[RECORDS FOR THIS TASK Boundary: Start]

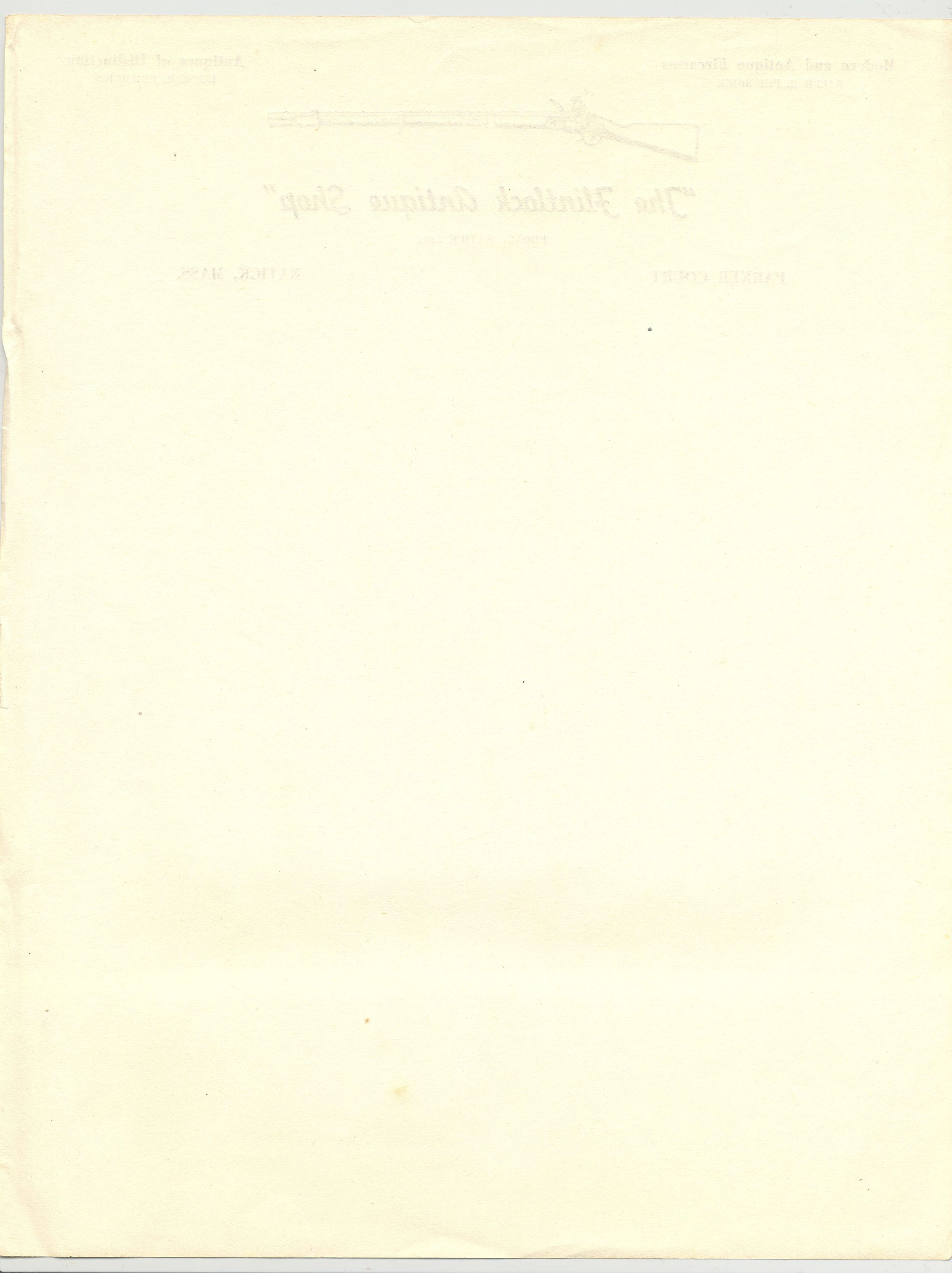 DOC, LETTERHEAD, MA. THE FLINTLOCK ANTIQUE SHOP, MODERN AND ANTIQUE FIREARMS, RALPH PHILBRICK. 8 1/2" X 11"Created By
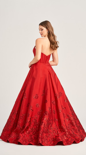 Ein moderne, elegante und trägerlose Korsage schaffen einen bezaubernden Rahmen für Ihr Dekolleté und Schultern. Durch die eng anliegende Korsage und den ausgestellten Rock wird die Taille besonders betont. Das gesamte Ball- Abendkleid ist aus einem hochwertigen Brokat gefertigt und verziert mit Blumenmotiven im unteren Bereich des ausgestellten Rocks.
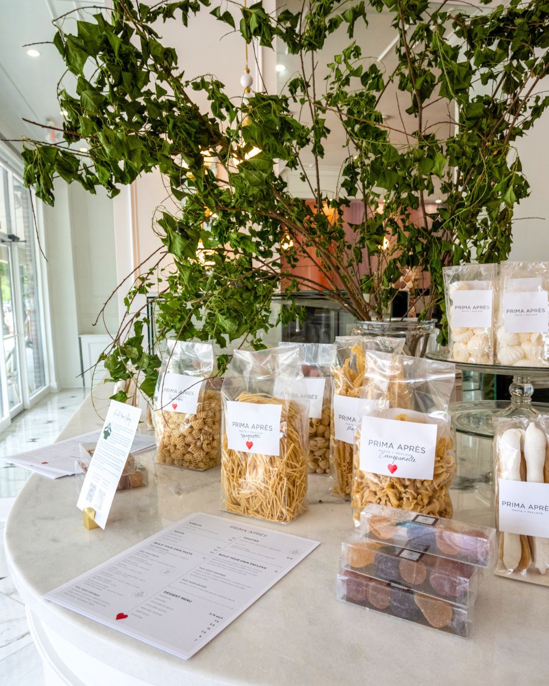 Prima Après’ savory offerings have also grown, with an updated menu that features proteins, soups and “toasties,” which are open-faced sandwiches made with toasted sourdough bread topped with melted aged white cheddar cheese. Pastas are made fresh using semolina flour and water and are shaped using bronze dies. Sauces are also made in house. Pastas are also made to order, and customers can customize their servings by choosing the shape, sauce and toppings ranging from red pepper flakes and olives to breadcrumbs and Parmigiano Reggiano cheese.
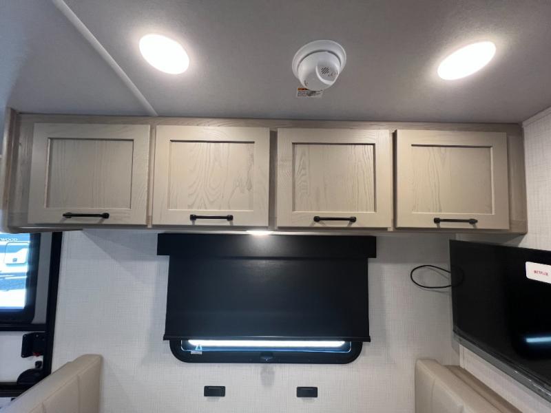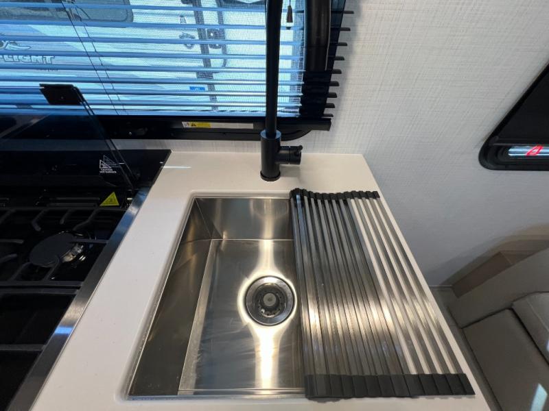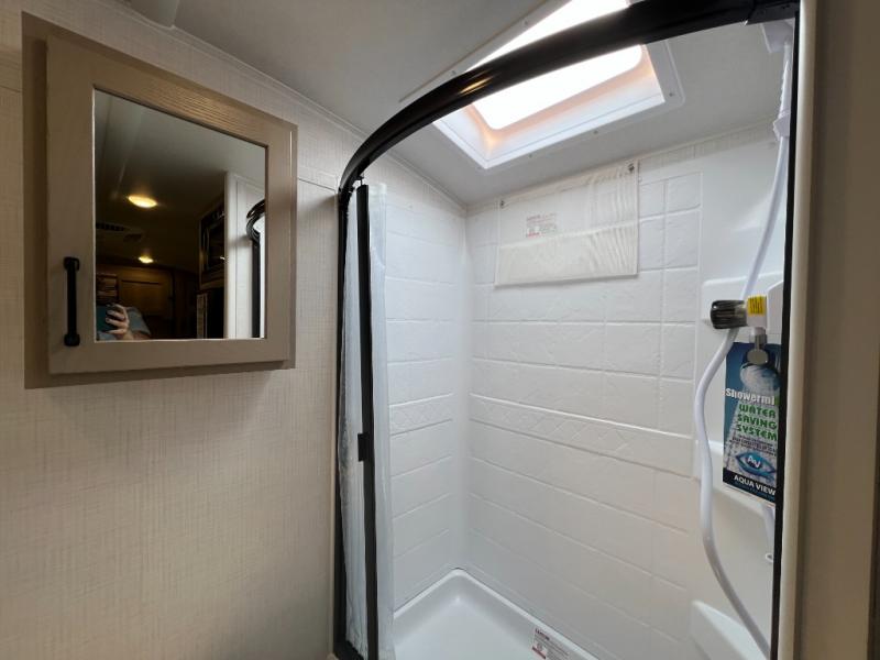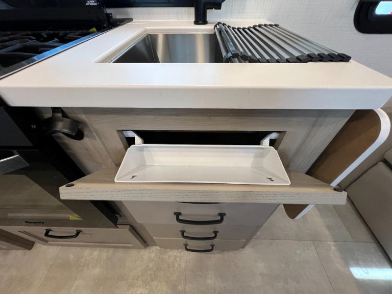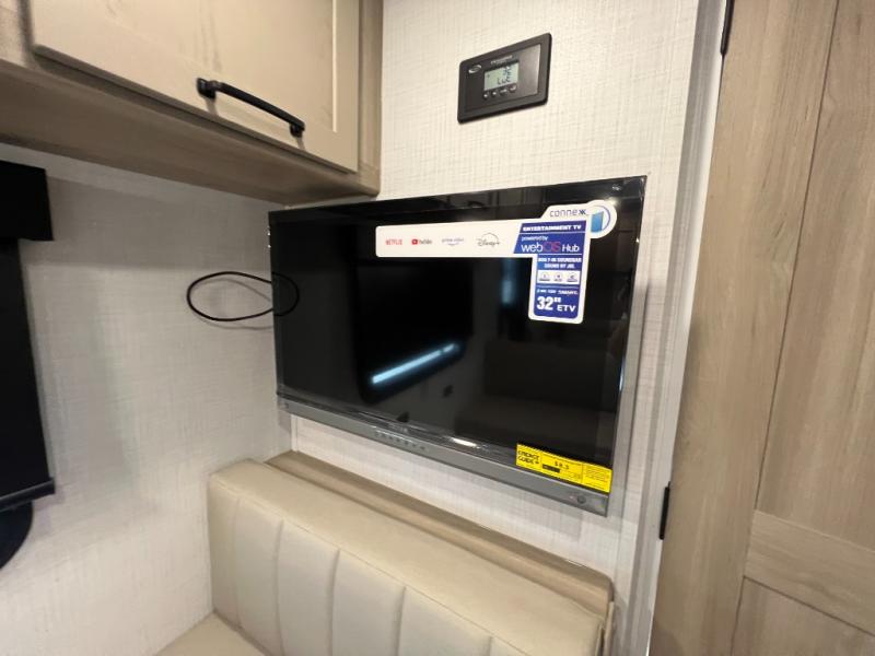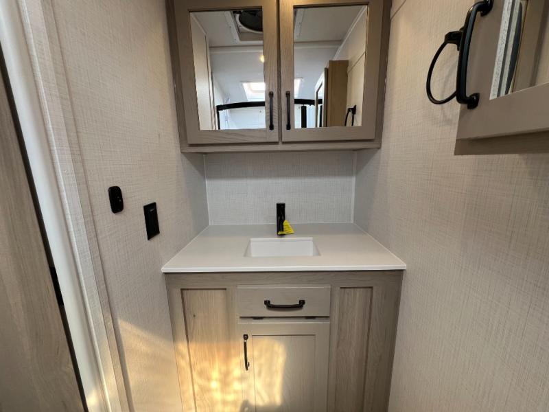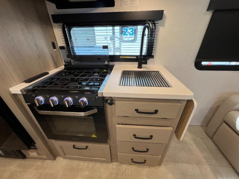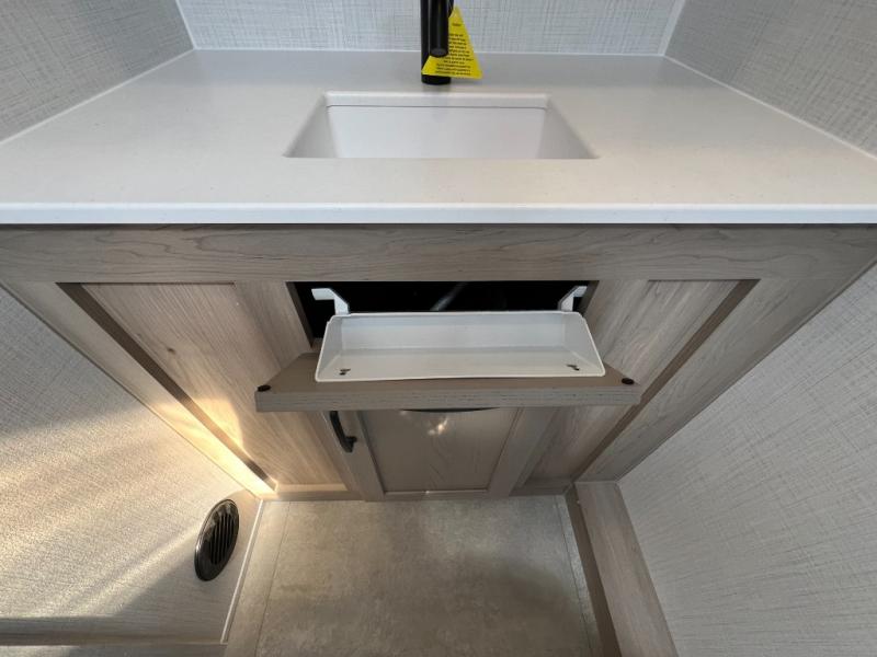 You will love how versatile this travel trailer is thanks to the Murphy bed up front. After you've had a great night's rest, just fold it up to relax on the 72" sofa. This will give the chef more space in the morning to prepare breakfast on the three burner cooktop or in the microwave oven. There is a 32" booth dinette to dine at, or you may just want to take your plate outdoors under the 14' power awning. The full rear bath includes a large linen closet to store clean towels and there is a Showermiser Water Saver you are sure to appreciate. You will appreciate a pass-through storage, plus additional exterior storage so you can bring along hiking gear, water tubes, and fishing poles! The optional Power Package available on this model includes three 200W solar panels, an 11,000 BTU Coleman Mach soft start A/C, two smart remotes, and more off-grid features!
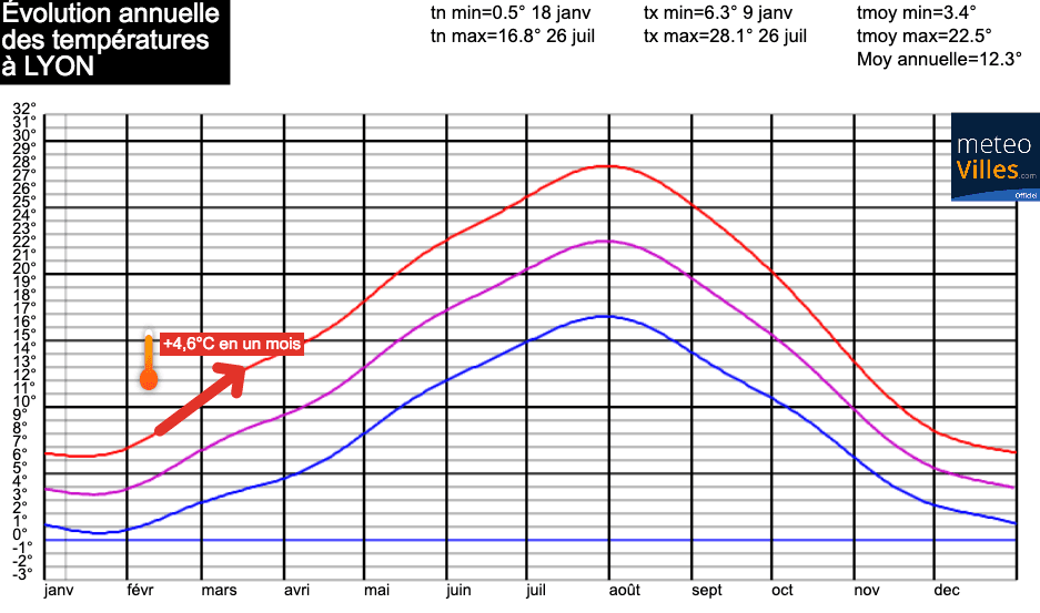 La transition entre hiver avec les premiers épisodes de douceur est également visible sur le reste du pays, comme par exemple sur l’agglomération Lyonnaise. Là encore les températures moyennes quotidiennes subissent une hausse remarquée durant le mois de février et les températures moyenne mensuelles maximales gagnent jusqu'à 4.6°C entre février et mars (passant de 8.4 à 13°C).

[RECORDS FOR THIS TASK Boundary: End]

[TASK DIRECTIONS] Your copy must reproduce the entries above in full, without their pictures.

[THE COMPLETED TASK]
 DOC, LETTERHEAD, MA. THE FLINTLOCK ANTIQUE SHOP, MODERN AND ANTIQUE FIREARMS, RALPH PHILBRICK. 8 1/2" X 11"Created By
 Ein moderne, elegante und trägerlose Korsage schaffen einen bezaubernden Rahmen für Ihr Dekolleté und Schultern. Durch die eng anliegende Korsage und den ausgestellten Rock wird die Taille besonders betont. Das gesamte Ball- Abendkleid ist aus einem hochwertigen Brokat gefertigt und verziert mit Blumenmotiven im unteren Bereich des ausgestellten Rocks.
 Prima Après’ savory offerings have also grown, with an updated menu that features proteins, soups and “toasties,” which are open-faced sandwiches made with toasted sourdough bread topped with melted aged white cheddar cheese. Pastas are made fresh using semolina flour and water and are shaped using bronze dies. Sauces are also made in house. Pastas are also made to order, and customers can customize their servings by choosing the shape, sauce and toppings ranging from red pepper flakes and olives to breadcrumbs and Parmigiano Reggiano cheese.
 You will love how versatile this travel trailer is thanks to the Murphy bed up front. After you've had a great night's rest, just fold it up to relax on the 72" sofa. This will give the chef more space in the morning to prepare breakfast on the three burner cooktop or in the microwave oven. There is a 32" booth dinette to dine at, or you may just want to take your plate outdoors under the 14' power awning. The full rear bath includes a large linen closet to store clean towels and there is a Showermiser Water Saver you are sure to appreciate. You will appreciate a pass-through storage, plus additional exterior storage so you can bring along hiking gear, water tubes, and fishing poles! The optional Power Package available on this model includes three 200W solar panels, an 11,000 BTU Coleman Mach soft start A/C, two smart remotes, and more off-grid features!
 La transition entre hiver avec les premiers épisodes de douceur est également visible sur le reste du pays, comme par exemple sur l’agglomération Lyonnaise. Là encore les températures moyennes quotidiennes subissent une hausse remarquée durant le mois de février et les températures moyenne mensuelles maximales gagnent jusqu'à 4.6°C entre février et mars (passant de 8.4 à 13°C).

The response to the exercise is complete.